- DATA LISTING:
---+---
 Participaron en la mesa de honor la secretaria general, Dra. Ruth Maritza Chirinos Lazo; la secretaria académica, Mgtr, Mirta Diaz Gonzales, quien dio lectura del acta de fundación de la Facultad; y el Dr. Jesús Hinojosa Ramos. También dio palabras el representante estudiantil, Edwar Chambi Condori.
---+---
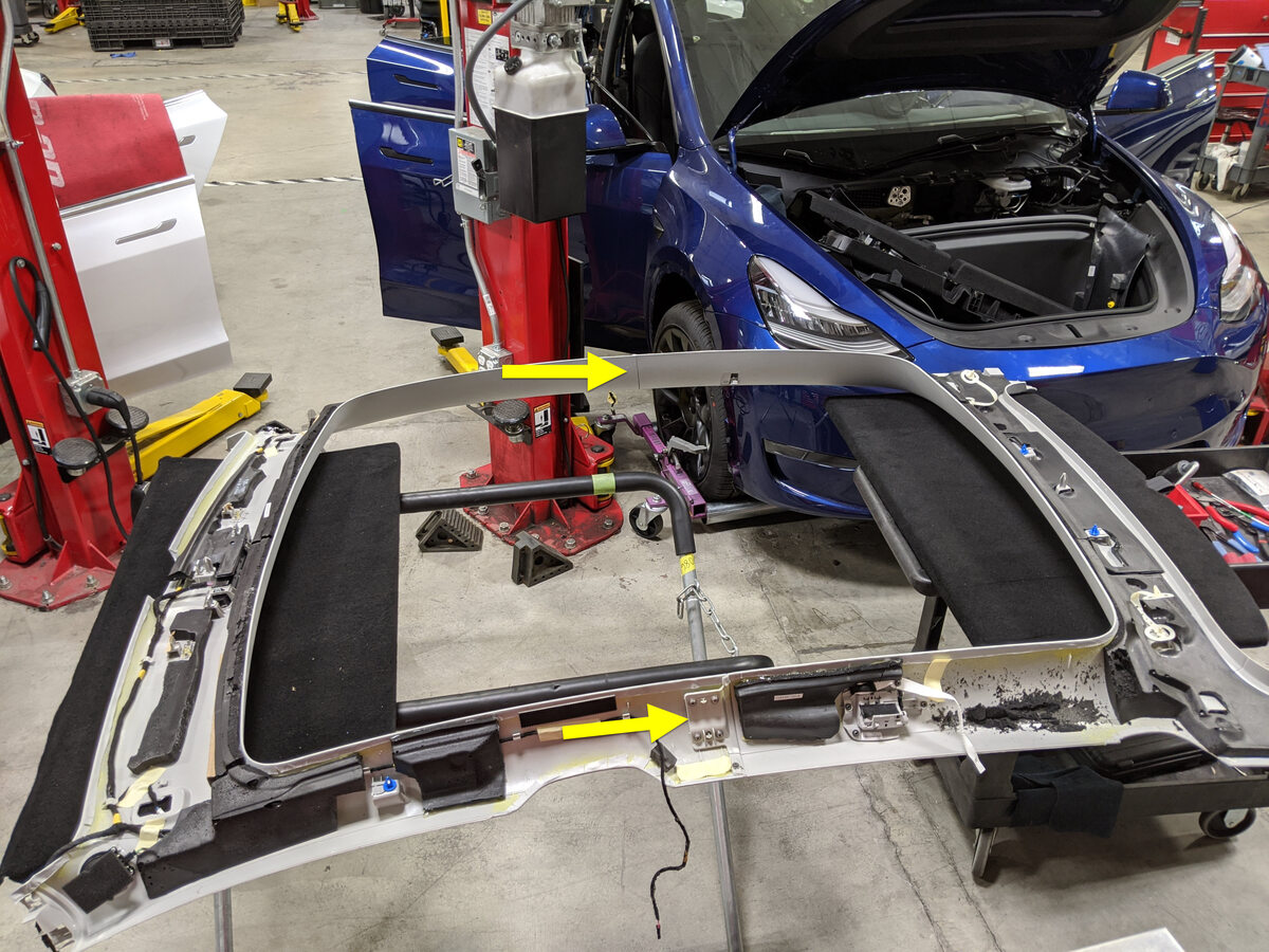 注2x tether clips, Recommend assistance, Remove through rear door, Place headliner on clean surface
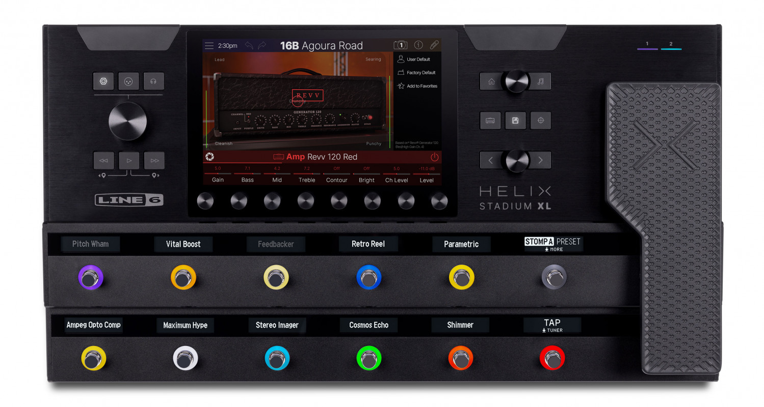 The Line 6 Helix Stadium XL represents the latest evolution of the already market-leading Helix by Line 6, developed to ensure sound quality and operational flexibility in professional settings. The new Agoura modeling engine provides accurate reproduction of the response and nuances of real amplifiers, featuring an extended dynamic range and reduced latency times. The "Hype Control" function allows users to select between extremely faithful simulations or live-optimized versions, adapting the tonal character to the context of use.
---+---
- WHAT YOU HAVE TO DO: In the records above, find the line containing "注2x tether clips, Recommend" and the line containing "The Line 6 Helix", then give both of them again word for word along with every line between. Omit any pictures.

- SOLUTION TO THE PROBLEM:
 注2x tether clips, Recommend assistance, Remove through rear door, Place headliner on clean surface
 The Line 6 Helix Stadium XL represents the latest evolution of the already market-leading Helix by Line 6, developed to ensure sound quality and operational flexibility in professional settings. The new Agoura modeling engine provides accurate reproduction of the response and nuances of real amplifiers, featuring an extended dynamic range and reduced latency times. The "Hype Control" function allows users to select between extremely faithful simulations or live-optimized versions, adapting the tonal character to the context of use.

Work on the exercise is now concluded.